Yolanda Perkins, founder and CEO of Undies by BlendiTone, a line of underwear for children of color, has overcome a lot of obstacles in her life. She has transformed herself from being incarcerated in prison to a successful entrepreneur who promotes representation for Black children. She also is an advocate for the restoration of former prison inmates.
Yolanda couldn’t have predicted what the Beyonce Effect would do to catapult her children’s underwear line into market exposure, but she is thankful and excited about her journey to making a dent in the industry.
“I see the reaction from my kids when they see faces that actually look like theirs on their underwear, not a Disney character that doesn’t look like them. It’s a sense of empowerment, and I want to give that to Black kids all over the world with this line,” she explained.
As a recipient of the NAACP and BeyGood Impact Award, Yolanda now has startup funding to scale her company, Undies by BlendiTone at the same rate as her now-viral fame.
The idea started in early 2019 when she and her then 6-year old daughter were shopping for underwear at a major retail store.

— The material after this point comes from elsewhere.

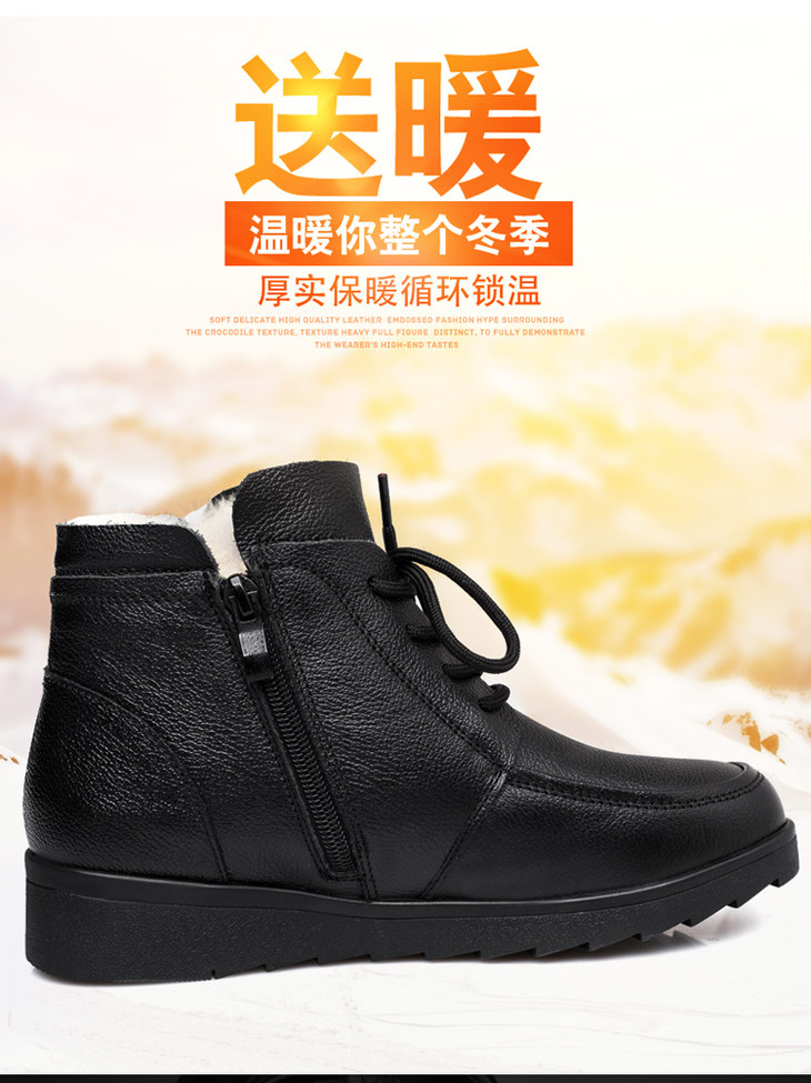 【女款冬季防滑棉鞋】冬季厚实羊毛内里头层牛皮持久保暖拒绝寒冷防滑厚底女款冬季防滑棉鞋

Displeased with the options of designs and characters available to her, Yolanda’s daughter made a comment that sparked the business idea. “She said ‘I want something with someone that looks like me on it. None of these characters look like me,’ and she was right,” Yolanda said. From there, Yolanda began to do market research and had samples made with children’s characters that looked more like her own children.
Yolanda was no stranger to entrepreneurship and had already started several businesses at that point. As a former federal prison inmate, dealing with obstacles stemming from the stigma of her past taught her that the only way to liberation was through self-employment. She decided to test underwear sales out on Instagram and Facebook and was surprised at how quickly she sold out.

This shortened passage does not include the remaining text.